Every line below should come back exactly as written, though the pictures stay out.

Information shown:
+++

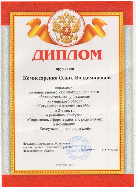 Диплом за 2-е место в районном конкурсе "Современные формы работы с родителями" в номинации "Консультация для родителей" Управление образования администрации Тогучинского района Новосибирской области
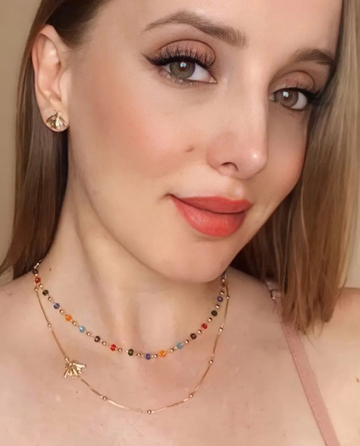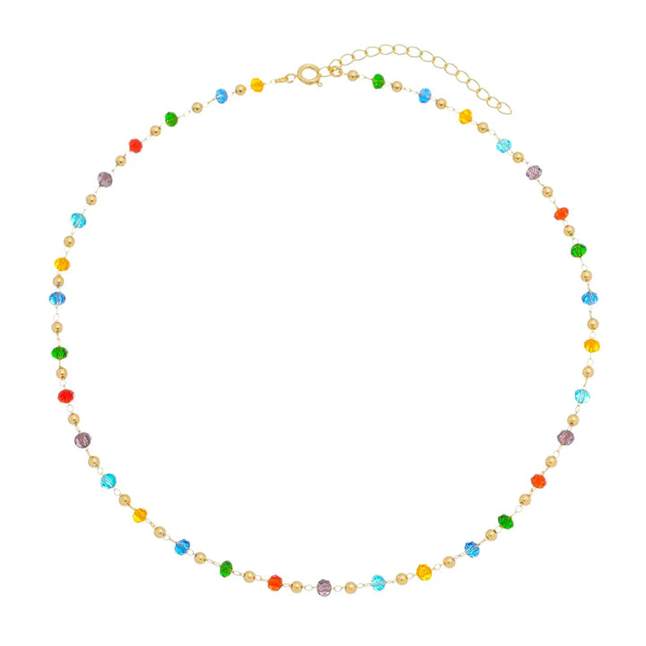 A choker colorida tem a corrente composta por mini bolinhas douradas e miçangas nas cores: verde escuro, vermelho, roxo, azul claro, laranja e azul escuro, fecho mola, folheado em ouro 18k. A choker miçangas coloridas é ótima para compor vários looks, ela pode ser usada com colares maiores lisos e com um maravilhoso mix de brincos. Além disso as miçangas coloridas estão super em alta. Veja essa e outras peças no site da Amarylis semijoais.
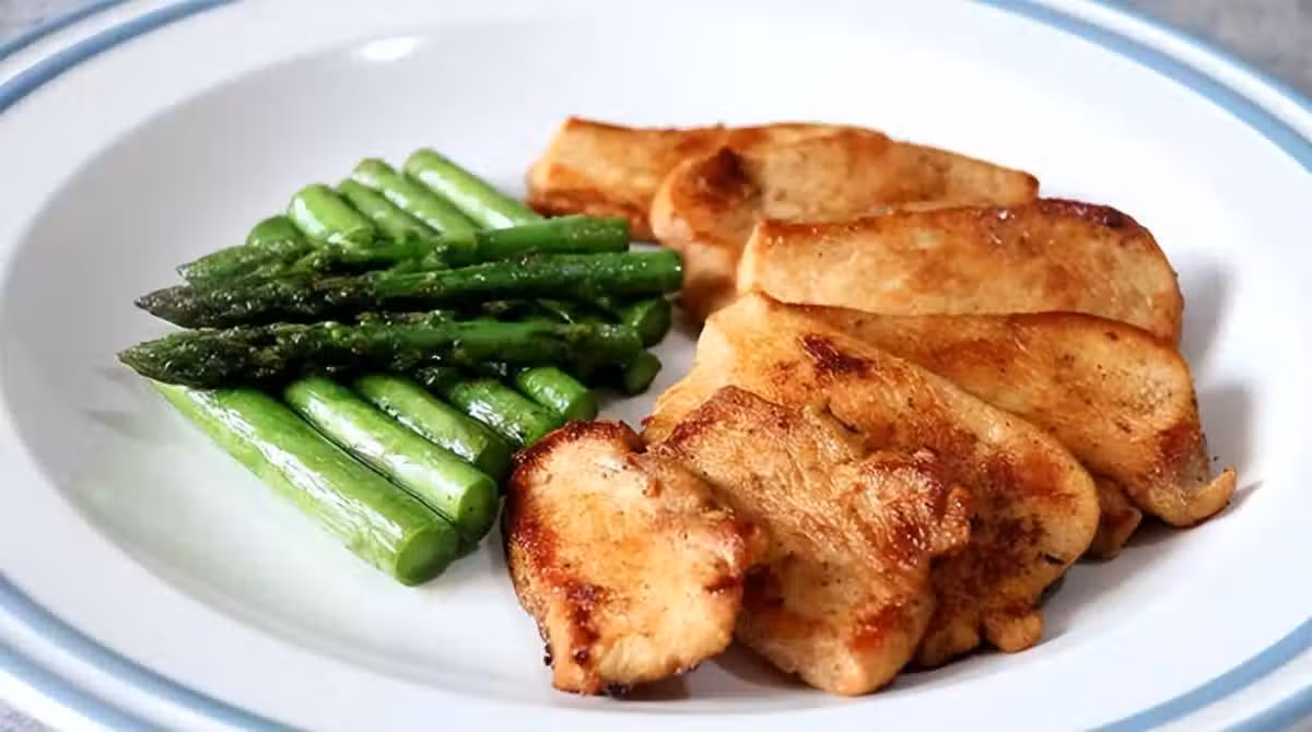 3、不粘鍋內少放油,或者不放油,小火慢煎雞胸肉,煎好以後就可以出鍋啦!吃的時候可以配上蘆筍、胡蘿蔔之類的素菜,營養又美味。
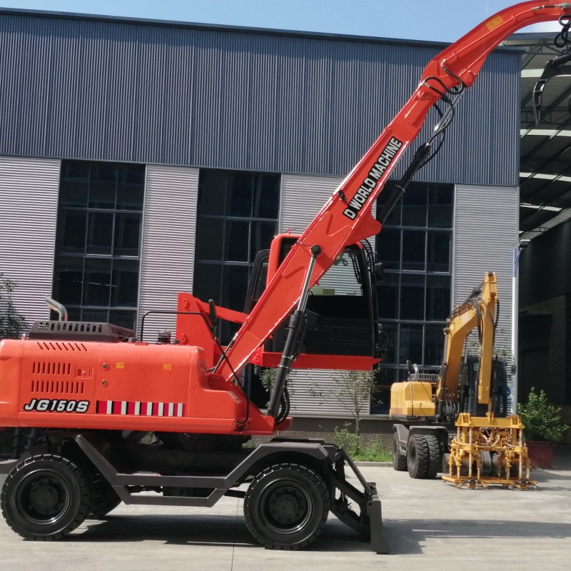 Jinggong Excavator Highlights JG150S Four-Claw Wheel Excavator for Material Handling Efficiency

+++

Answer for the task:
 Диплом за 2-е место в районном конкурсе "Современные формы работы с родителями" в номинации "Консультация для родителей" Управление образования администрации Тогучинского района Новосибирской области
 A choker colorida tem a corrente composta por mini bolinhas douradas e miçangas nas cores: verde escuro, vermelho, roxo, azul claro, laranja e azul escuro, fecho mola, folheado em ouro 18k. A choker miçangas coloridas é ótima para compor vários looks, ela pode ser usada com colares maiores lisos e com um maravilhoso mix de brincos. Além disso as miçangas coloridas estão super em alta. Veja essa e outras peças no site da Amarylis semijoais.
 3、不粘鍋內少放油,或者不放油,小火慢煎雞胸肉,煎好以後就可以出鍋啦!吃的時候可以配上蘆筍、胡蘿蔔之類的素菜,營養又美味。
 Jinggong Excavator Highlights JG150S Four-Claw Wheel Excavator for Material Handling Efficiency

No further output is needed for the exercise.